◆ WORK INSTRUCTION
Repeat the listing below in full and exactly, but without its pictures.
──────
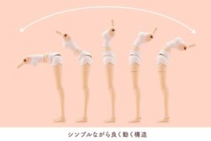The neck joints have the forward and back sliding feature from Koyomi Takanashi?Swim Style?, allowing for dynamic vertical movement such as tucking in the chin and looking up. It can be used to prevent hair parts from getting in the way of articulation.
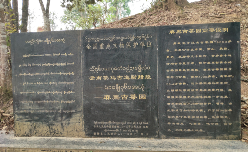 “麻黑,位于西雙版納州勐臘縣六大茶山的易武茶區(qū),地處易武鄉(xiāng)東北邊。麻黑是麻黑村委會所在地,屬易武六個村委會之一,管轄刮風寨、大漆樹、落水洞、曼秀、三丘田、荒田、鄭家梁子等村寨,麻黑位列七村八寨之首。麻黑古茶園的土壤全氮和堿解氮含量適中,交換性鎂含量較低,在麻黑茶葉口感的形成中扮演著重要角色。
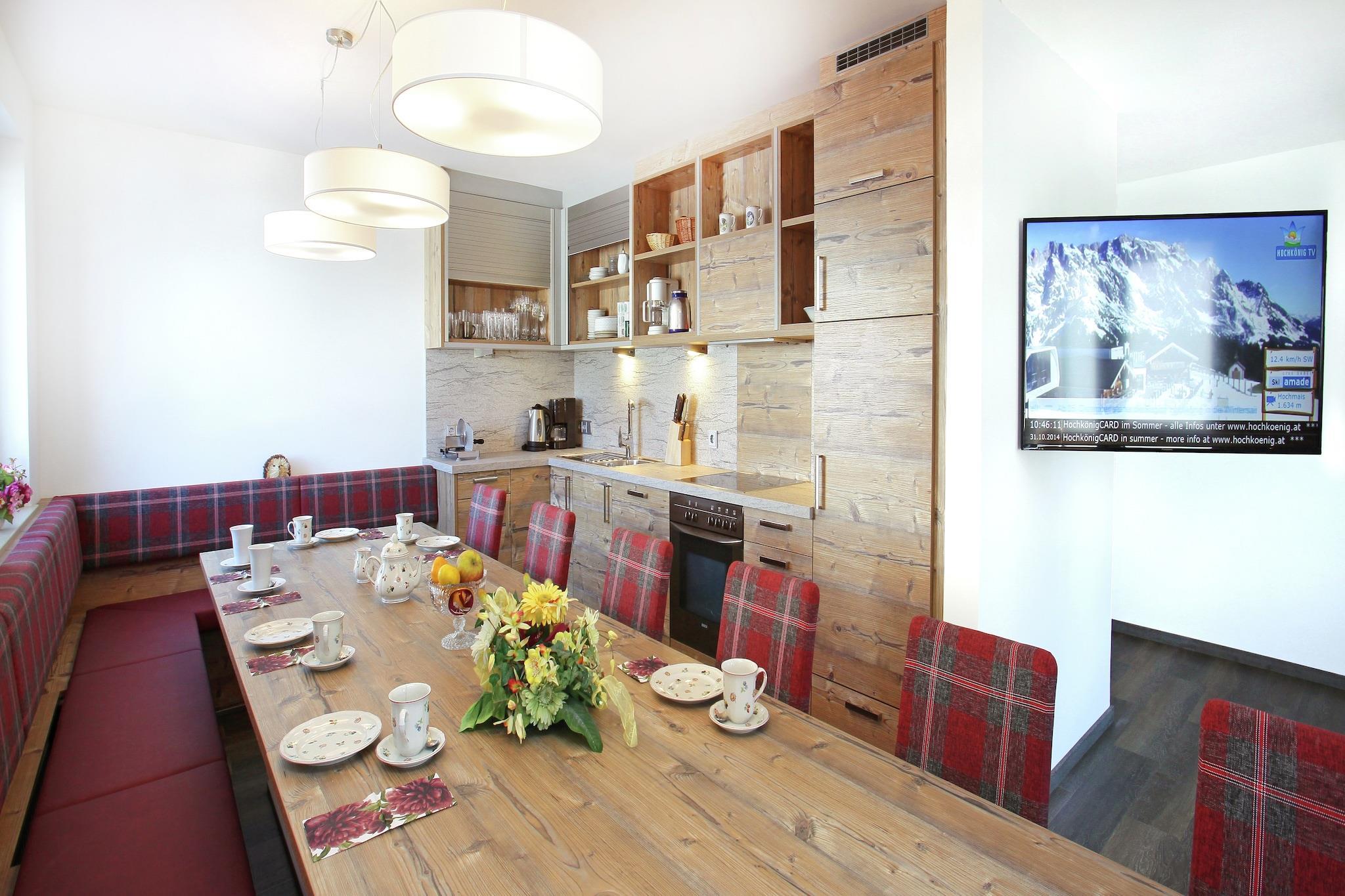 Dette smukke fritliggende sommerhus ligger i bydelen Hintermoos, som er en del af den kendte og charmerende landsby Maria Alm og Hochkönig skiområde. Dit feriehus, som du vil have helt til dig selv, ligger i første og andet gulve og har ikke færre end 7 soveværelser, 6 badeværelser og en smuk stue med åbent køkken, hvor hele din gruppe kan nyde måltider sammen. Fra den solbeskinnede balkon har du en smuk udsigt over de omkringliggende bjerge og af skiløjperne om vinteren. Uanset om du elsker skiløb eller snowboarding, er der mange skråninger (over 150 km) og moderne skilifte i Maria Alm. Når der er nok snedække, gør beliggenheden tæt på skiliften og hældningen mulighed for at stå på ski til elevatoren om morgenen og derefter skile tilbage næsten til huset om eftermiddagen. Der er også mange muligheder for langrend, slæde og vandreture, til en vinterferie med noget for enhver smag. I foråret og sommeren er dette feriehus omgivet af store grønne enge, og du kan virkelig nyde den smukke udsigt fra sommerhuset. Maria Alm byder på mange muligheder uden for vinteren og er populært året rundt. Takket være sin centrale beliggenhed er Maria Alm en ideel base for mange dagsture til Salzburg eller Zell am See, Kaprun-reservoiret, Grossglockner, Burg Hohen Werfen og "Ice of the Giants World".
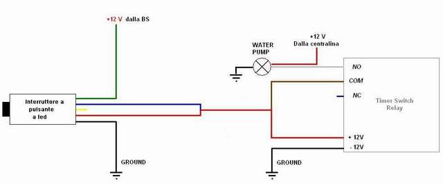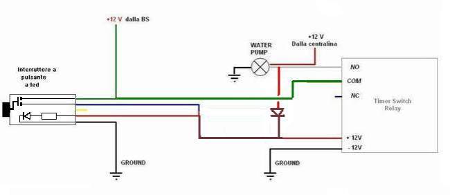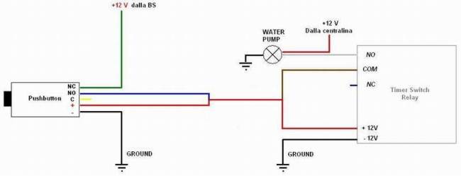 Ciao, L'unico punto di corto mi sembra il pulsante se collegato erroneamente. Comunque il circuito cosi' credo non funzioni. Il 12V non puo' arrivare solo sul pulsante altrimenti quando lo rilasci lo toglie al timer. Mettoil tuo schema modificato: Ho messo lo schema interno del pulsante per fugare qualsiasi dubbio. Spero sia fatto cosi. Il diodo che ho messo (1N4007 o similare) serve ad evitare che la prima corrente che va alla pompa passi dal pulsante e non dal contatto der rele del timer. Se il contatto del pulsante sopporta correnti sui 10A puoi omettere il diodo (ponticello). Come ti avevo detto gia' allora, se alla pompa dai tensione con la centralina, il timer sara sempre sotto tensione, e in questo caso ti si accendera fisso il led del pulsante. Per ovviare devi mandare il positivo del timer verso la pompa tramite un diodo da almeno 6A. Renzo. Renzo.
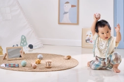 Questo set accuratamente composto sostiene lo sviluppo naturale del bambino fin dai primi giorni. Le carte ad alto contrasto allenano la fissazione dello sguardo e la percezione delle forme, lo specchietto in legno aiuta nell’autoscoperta e durante il tummy time, i sonagli e le maracas sviluppano ritmo, udito e coordinazione. Le diverse texture e forme delle palline tattili stimolano sia la motricità fine sia quella grossolana e rafforzano la presa.
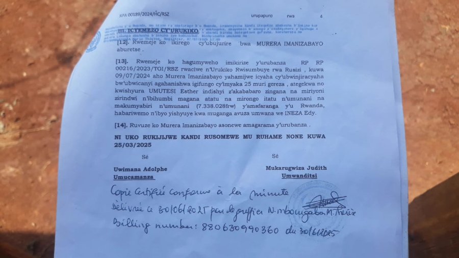 Sindayiheba Phanuel, ni Umuyobozi w’akarere ka Rusizi ati “Uyu mubyeyi mu bushobozi buboneka yagiye afashwa kuvuza umwana kandi bizakomeza. Ibijyanye no kurangiza urubanza, iyo rwamaze kugirwa itegeko yitababaza abahesha b’inkiko b’umwuga bakamufasha kurangiza urubanza, cyangwa abatari ab’umwuga na bo bakamufasha.”
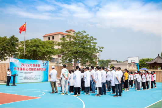 为推进实施健康中国和全民健身国家战略,构建更高水平的全民健身公共服务体系,丰富农村体育文化生活,助力乡村振兴发展,向党的二十大胜利召开献礼。5月20日下午,我局在周田镇径口村举办“公益体彩进乡村-2022年惠来县文化体育志愿服务系列活动”,广东工业大学揭阳校区党委、常务副书记邱伟青,县文化广电旅游体育局局长林轶伦,周田镇镇长蔡剑洪等参加了活动。
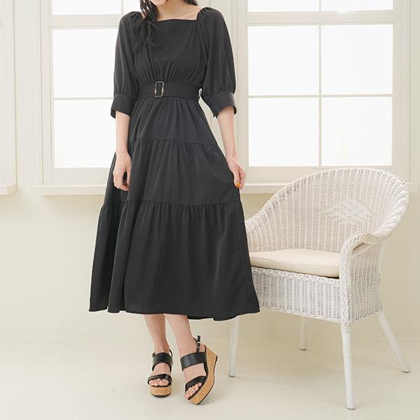 きゅっとウエストをしめれるベルトとスクエアネックラインがスタイルアップ効果を後押し。
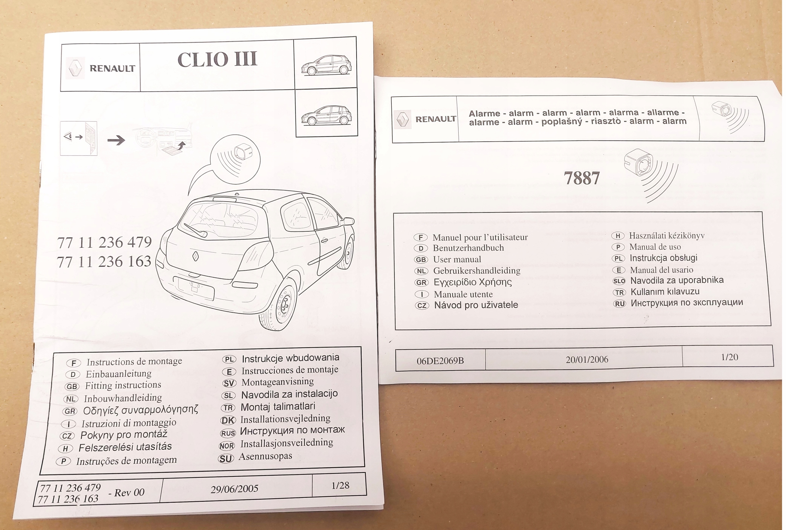 NOWY ORYGINALNY ZESTAW KOMPLET ALARM RENAULT CLIO III - 7711236479
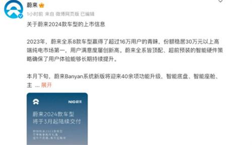 據了解,在2024年1月份,蔚來汽車的第2代車型用戶已經進行了Banyan系統新版本升級,一共涉及到40多項功能,包括主動安全、智能座艙、智能底盤等等。根據數據顯示,2023年年內,蔚來汽車旗下8款車型的總銷量達到了16萬輛,位于30萬元以上高端純電市場排行榜的第1名。
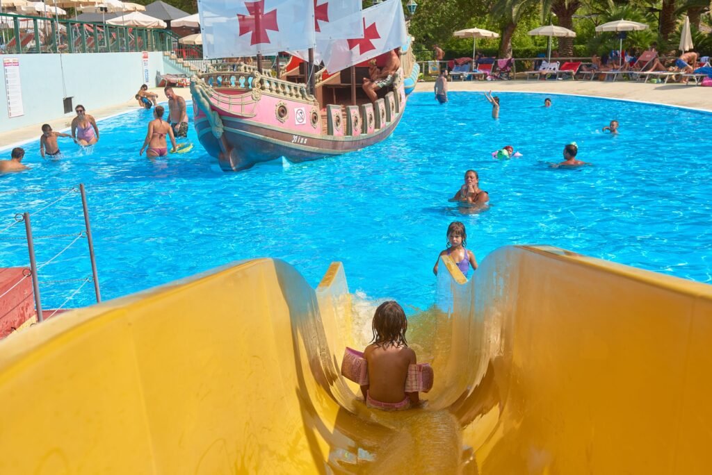 Very easy to reach a short distance from the Via Aurelia, it covers an area of 80,000 square meters and offers attractions – slides, toboggans, kamikazes, a wave pool, the special relaxation area “The source of the heart” – for young and old mainly families with a carefree and fun offer thanks to a tried and tested formula that combines entertainment, involvement and games.
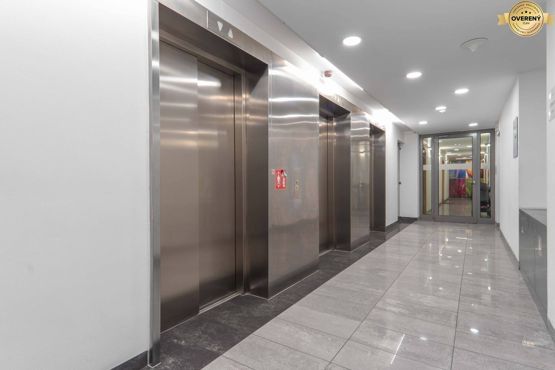 Vstup do budovy je cez non-stop 24/7 recepciu so strážnou službou.
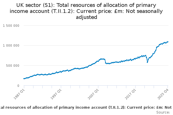 Download this time seriesUK sector (S1): Total resources of allocation of primary income account (T.II.1.2): Current price: £m: Not seasonally adjusted
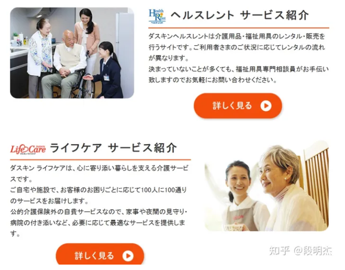 其中,以专业清洁服务业务享誉海内外市场的Duskin,自2000年起,以Duskin Life Care和Health Rent——老年家庭护理服务与老年家庭护理用品销售与租赁服务两大业务切入银发赛道。
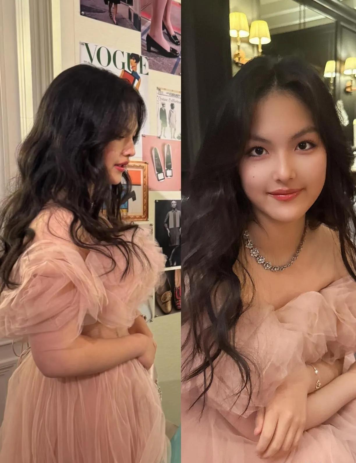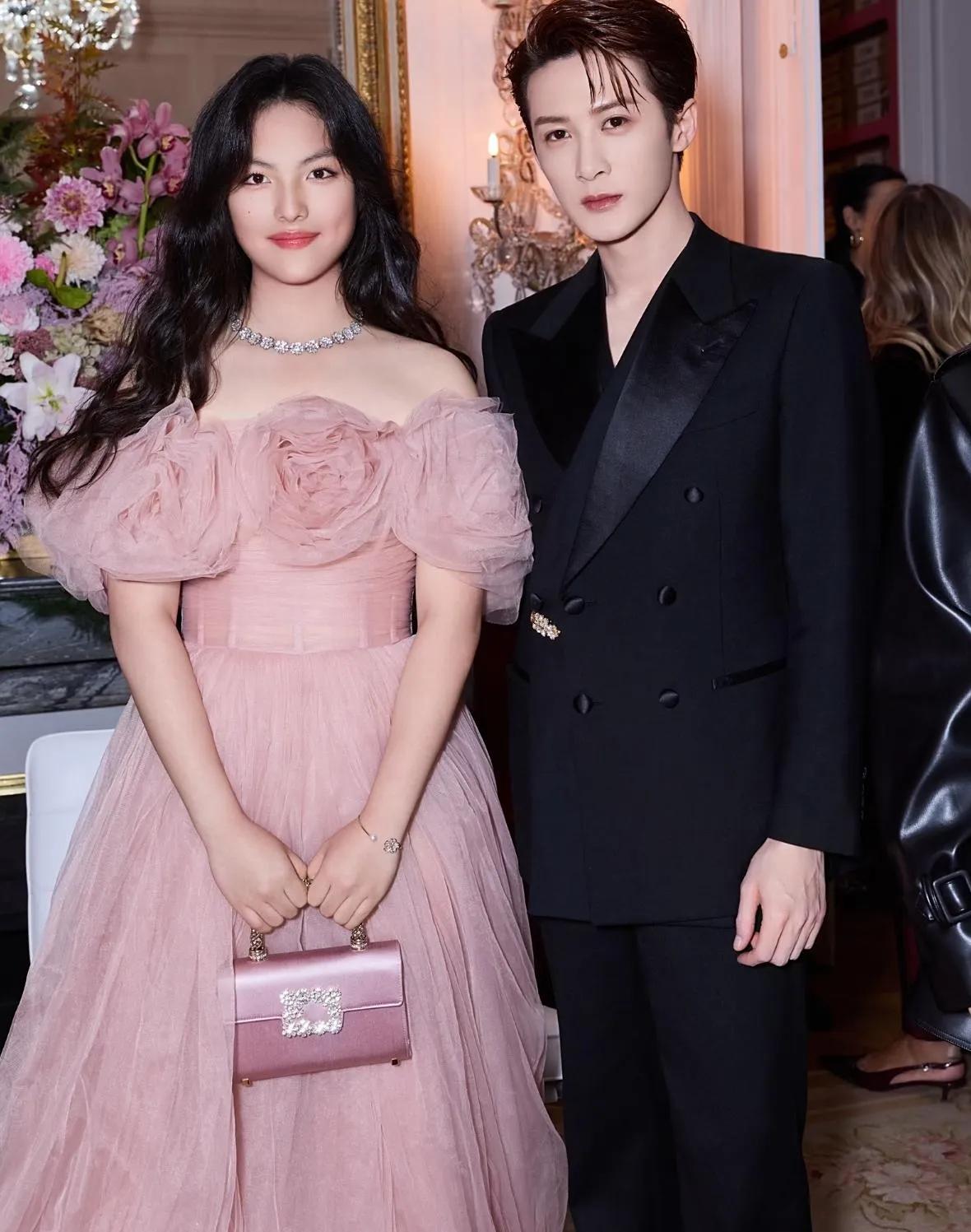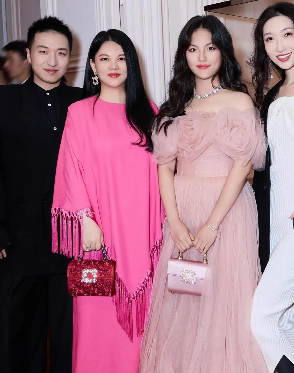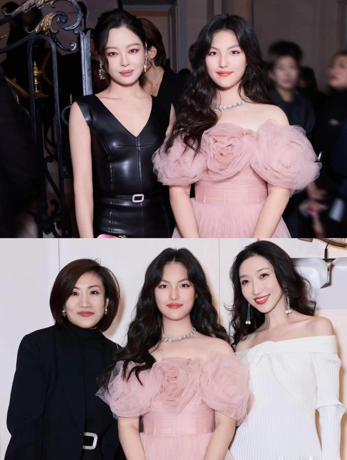 王诗龄随李湘亮相品牌晚宴,气质愈发优雅出众 近日,王诗龄又跟随妈妈李湘一同出席了某品牌晚宴,母女二人在活动中的亮相引发了众多关注。 当晚,王诗龄身着一袭粉色蓬蓬纱裙,宛如从童话中走出的公主。裙身肩部花朵造型设计别致,为整体造型增添了几分浪漫与甜美 ,搭配同色系的精致手拿包,以及闪耀的钻石项链,每一处细节都尽显精致。一头乌黑的长卷发自然垂落,衬得她的脸庞愈发娇俏可爱,妆容精致淡雅,在镜头前自信大方,笑容甜美,气质优雅从容,与小时候相比,如今的她真是女大十八变,时尚感和气场都直线上升。 李湘则选择了一套玫粉色的穿搭,宽大的披肩设计搭配流苏元素,气场全开,手拿红色的精致手包,与整体造型相得益彰,尽显贵妇风范。母女二人同框,温馨又养眼,完美诠释了不同年龄段的魅力。 在晚宴现场,王诗龄还与众多明星同框合影,丝毫不见怯场,落落大方的姿态赢得不少称赞。从曾经备受关注的“小胖妞”,到如今时尚晚宴上闪耀的少女,王诗龄的蜕变有目共睹。期待未来她能继续绽放光彩,在更多场合展现自己独特的魅力! 王诗龄 李湘 品牌晚宴
──────
◆ WORKED SOLUTION
The neck joints have the forward and back sliding feature from Koyomi Takanashi?Swim Style?, allowing for dynamic vertical movement such as tucking in the chin and looking up. It can be used to prevent hair parts from getting in the way of articulation.
 “麻黑,位于西雙版納州勐臘縣六大茶山的易武茶區(qū),地處易武鄉(xiāng)東北邊。麻黑是麻黑村委會所在地,屬易武六個村委會之一,管轄刮風寨、大漆樹、落水洞、曼秀、三丘田、荒田、鄭家梁子等村寨,麻黑位列七村八寨之首。麻黑古茶園的土壤全氮和堿解氮含量適中,交換性鎂含量較低,在麻黑茶葉口感的形成中扮演著重要角色。
 Dette smukke fritliggende sommerhus ligger i bydelen Hintermoos, som er en del af den kendte og charmerende landsby Maria Alm og Hochkönig skiområde. Dit feriehus, som du vil have helt til dig selv, ligger i første og andet gulve og har ikke færre end 7 soveværelser, 6 badeværelser og en smuk stue med åbent køkken, hvor hele din gruppe kan nyde måltider sammen. Fra den solbeskinnede balkon har du en smuk udsigt over de omkringliggende bjerge og af skiløjperne om vinteren. Uanset om du elsker skiløb eller snowboarding, er der mange skråninger (over 150 km) og moderne skilifte i Maria Alm. Når der er nok snedække, gør beliggenheden tæt på skiliften og hældningen mulighed for at stå på ski til elevatoren om morgenen og derefter skile tilbage næsten til huset om eftermiddagen. Der er også mange muligheder for langrend, slæde og vandreture, til en vinterferie med noget for enhver smag. I foråret og sommeren er dette feriehus omgivet af store grønne enge, og du kan virkelig nyde den smukke udsigt fra sommerhuset. Maria Alm byder på mange muligheder uden for vinteren og er populært året rundt. Takket være sin centrale beliggenhed er Maria Alm en ideel base for mange dagsture til Salzburg eller Zell am See, Kaprun-reservoiret, Grossglockner, Burg Hohen Werfen og "Ice of the Giants World".
 Ciao, L'unico punto di corto mi sembra il pulsante se collegato erroneamente. Comunque il circuito cosi' credo non funzioni. Il 12V non puo' arrivare solo sul pulsante altrimenti quando lo rilasci lo toglie al timer. Mettoil tuo schema modificato: Ho messo lo schema interno del pulsante per fugare qualsiasi dubbio. Spero sia fatto cosi. Il diodo che ho messo (1N4007 o similare) serve ad evitare che la prima corrente che va alla pompa passi dal pulsante e non dal contatto der rele del timer. Se il contatto del pulsante sopporta correnti sui 10A puoi omettere il diodo (ponticello). Come ti avevo detto gia' allora, se alla pompa dai tensione con la centralina, il timer sara sempre sotto tensione, e in questo caso ti si accendera fisso il led del pulsante. Per ovviare devi mandare il positivo del timer verso la pompa tramite un diodo da almeno 6A. Renzo. Renzo.
 Questo set accuratamente composto sostiene lo sviluppo naturale del bambino fin dai primi giorni. Le carte ad alto contrasto allenano la fissazione dello sguardo e la percezione delle forme, lo specchietto in legno aiuta nell’autoscoperta e durante il tummy time, i sonagli e le maracas sviluppano ritmo, udito e coordinazione. Le diverse texture e forme delle palline tattili stimolano sia la motricità fine sia quella grossolana e rafforzano la presa.
 Sindayiheba Phanuel, ni Umuyobozi w’akarere ka Rusizi ati “Uyu mubyeyi mu bushobozi buboneka yagiye afashwa kuvuza umwana kandi bizakomeza. Ibijyanye no kurangiza urubanza, iyo rwamaze kugirwa itegeko yitababaza abahesha b’inkiko b’umwuga bakamufasha kurangiza urubanza, cyangwa abatari ab’umwuga na bo bakamufasha.”
 为推进实施健康中国和全民健身国家战略,构建更高水平的全民健身公共服务体系,丰富农村体育文化生活,助力乡村振兴发展,向党的二十大胜利召开献礼。5月20日下午,我局在周田镇径口村举办“公益体彩进乡村-2022年惠来县文化体育志愿服务系列活动”,广东工业大学揭阳校区党委、常务副书记邱伟青,县文化广电旅游体育局局长林轶伦,周田镇镇长蔡剑洪等参加了活动。
 きゅっとウエストをしめれるベルトとスクエアネックラインがスタイルアップ効果を後押し。
 NOWY ORYGINALNY ZESTAW KOMPLET ALARM RENAULT CLIO III - 7711236479
 據了解,在2024年1月份,蔚來汽車的第2代車型用戶已經進行了Banyan系統新版本升級,一共涉及到40多項功能,包括主動安全、智能座艙、智能底盤等等。根據數據顯示,2023年年內,蔚來汽車旗下8款車型的總銷量達到了16萬輛,位于30萬元以上高端純電市場排行榜的第1名。
 Very easy to reach a short distance from the Via Aurelia, it covers an area of 80,000 square meters and offers attractions – slides, toboggans, kamikazes, a wave pool, the special relaxation area “The source of the heart” – for young and old mainly families with a carefree and fun offer thanks to a tried and tested formula that combines entertainment, involvement and games.
 Vstup do budovy je cez non-stop 24/7 recepciu so strážnou službou.
 Download this time seriesUK sector (S1): Total resources of allocation of primary income account (T.II.1.2): Current price: £m: Not seasonally adjusted
 其中,以专业清洁服务业务享誉海内外市场的Duskin,自2000年起,以Duskin Life Care和Health Rent——老年家庭护理服务与老年家庭护理用品销售与租赁服务两大业务切入银发赛道。
 王诗龄随李湘亮相品牌晚宴,气质愈发优雅出众 近日,王诗龄又跟随妈妈李湘一同出席了某品牌晚宴,母女二人在活动中的亮相引发了众多关注。 当晚,王诗龄身着一袭粉色蓬蓬纱裙,宛如从童话中走出的公主。裙身肩部花朵造型设计别致,为整体造型增添了几分浪漫与甜美 ,搭配同色系的精致手拿包,以及闪耀的钻石项链,每一处细节都尽显精致。一头乌黑的长卷发自然垂落,衬得她的脸庞愈发娇俏可爱,妆容精致淡雅,在镜头前自信大方,笑容甜美,气质优雅从容,与小时候相比,如今的她真是女大十八变,时尚感和气场都直线上升。 李湘则选择了一套玫粉色的穿搭,宽大的披肩设计搭配流苏元素,气场全开,手拿红色的精致手包,与整体造型相得益彰,尽显贵妇风范。母女二人同框,温馨又养眼,完美诠释了不同年龄段的魅力。 在晚宴现场,王诗龄还与众多明星同框合影,丝毫不见怯场,落落大方的姿态赢得不少称赞。从曾经备受关注的“小胖妞”,到如今时尚晚宴上闪耀的少女,王诗龄的蜕变有目共睹。期待未来她能继续绽放光彩,在更多场合展现自己独特的魅力! 王诗龄 李湘 品牌晚宴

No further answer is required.